Deuxième possibilité pour établir ce temps lunaire, poursuit Patrizia Tavella: "On prend une horloge atomique aussi précise que possible, idéalement 'parfaite', et on l’installe à la surface de la Lune et sur les satellites en orbite lunaire, pour définir ce LTC. " Un temps qui serait donc propre à la Lune, s’écoulant différemment du temps terrestre, mais servant de référence unique pour toutes les activités lunaires.
Expertise neuchâteloise
C'est là qu’entre en scène l’Université de Neuchâtel, dont le Laboratoire Temps-Fréquence est reconnu mondialement depuis des décennies pour ses horloges atomiques. Certaines équipent déjà les satellites du système de géolocalisation européen Galileo.
"Le fonctionnement d’une horloge atomique est assez simple", explique Gaetano Mileti, directeur-adjoint Laboratoire Temps-Fréquence de l’UNINE. "On utilise les oscillations des atomes comme référence de temps."
L'horloge pourra être utilisée dans des missions spatiales, sur des satellites lunaires, dans des bases lunaires, et participer éventuellement à la réalisation d’un temps lunaire
Des vibratos d’atomes de rubidium, enfermés dans une minuscule cavité, sont mesurés à l’aide de rayons laser générés eux aussi par un dispositif miniaturisé à l’extrême. Pour aller dans l’espace, chaque gramme et chaque centimètre-cube compte.

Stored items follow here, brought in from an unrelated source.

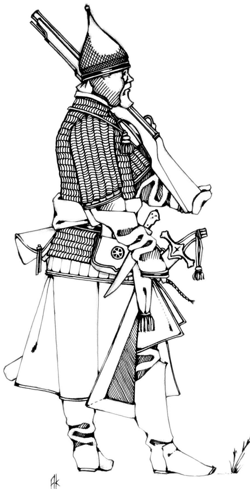
Человек с пищалью осадной "сотни людей боярских", 1550-1570-е гг.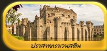
ปราสาทราเวนสตี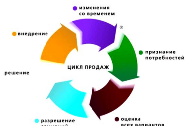
Рис. 2. Цикл принятия клиентом решения

То, что это уже ваш клиент, – слабое утешение. На практике довольно часто необходимо вновь и вновь доказывать клиенту, что вы лучшие, поскольку у него (клиента) есть свое представление о критериях выбора страховой компании (по данному конкретному риску) и предлагаемых условиях страхования.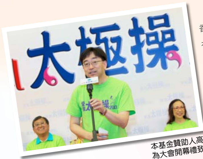
本基金贊助人高永文醫生，BBS，JP 為大會開幕禮致辭

香港帕金森症基金謹此特別鳴謝瑞士諾華製藥(香港)有限公司及博福益普生藥廠等贊助機構、香港太極總會及其他協辦機構、還有眾多捐款善長及參與是次活動人士的鼎力支持，讓是次活動順利進行，請各位讀者欣賞當日盛況。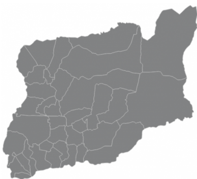
COORDENADAS GEOGRÁFICAS: 41.921098;-8.437268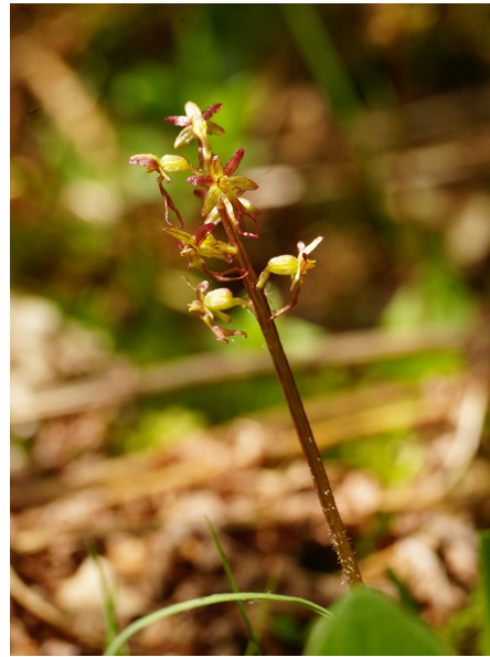
Abb. 50: Listera cordata in Lennestadt (D. WOLBECK).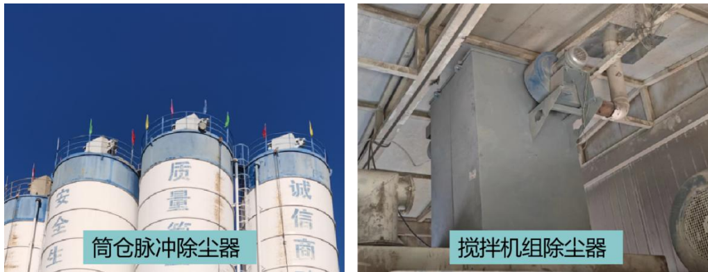
图 3-1 项目除尘设备照片

置 1 套袋式除尘器，搅拌粉尘经袋式除尘器处理后高空外排。目前厂区除尘设备环保设施照片见下图 3-1，密闭车间及密闭输送带照片见下图 3-2。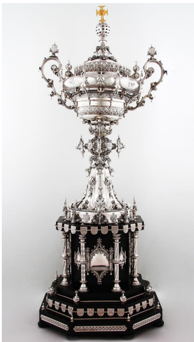
Imagem nº25: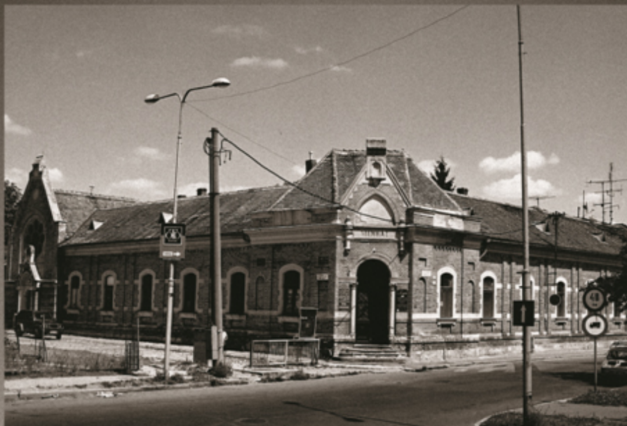
SYNAGÓGA V KOMÁRNE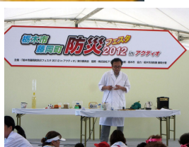
防災エンスショーが報道で取り上げられ拡がり、全国各地へ外向き講演を展開。 東日本大震災の実体験を語り、子供から大人まで幅広い層へメッセージを送る

"Au final, nous avons réalisé l’une des horloges atomiques les plus stables dans un aussi petit volume", équivalent à celui d’une demi-brique de lait, affirme l’auteur de cette prouesse, Etienne Batori, ancien doctorant de l’UNINE aujourd’hui ingénieur Recherche&Développement au Centre suisse d’électronique et de microtechnique (CSEM).
"Aujourd’hui, cette horloge est un prototype, reprend le professeur Mileti. Il va falloir le qualifier spatialement. Et ensuite, il pourra être utilisé dans des missions spatiales, pourquoi pas sur des satellites lunaires, dans des bases lunaires, et participer éventuellement à la réalisation d’un temps lunaire."
Plusieurs fournisseurs
Plusieurs autres centres de métrologie dans le monde développent également des horloges similaires, et aucune décision n’a été prise à ce jour sur les futurs fabricants des horloges lunaires. "On ne peut pas faire confiance à une seule horloge, ni même à deux", a dit à CNN Cheryl Gramling, responsable du domaine au Goddard Space Flight Center de la Nasa, dans le Maryland. Autrement dit, il y a fort à parier que plusieurs fournisseurs d’horloges atomiques soient sollicités, dont l'UNINE.
A terme, l’ambition américaine est de créer LunaNet, un réseau complet de satellites de communication et de navigation équipé d’horloge atomique ultra-précises. L'Europe, de son côté, souhaite mettre sur pied son réseau à travers son initiative Moonlight.
L'échéance se rapproche vite, car les Américains et les Européens veulent retourner sur la Lune en 2026, et si possible avant la Chine et l'Inde, dont les plans lunaires se concrétisent rapidement. D’ici là, tous ces pays espèrent se mettre d’accord pour accorder toutes leurs montres.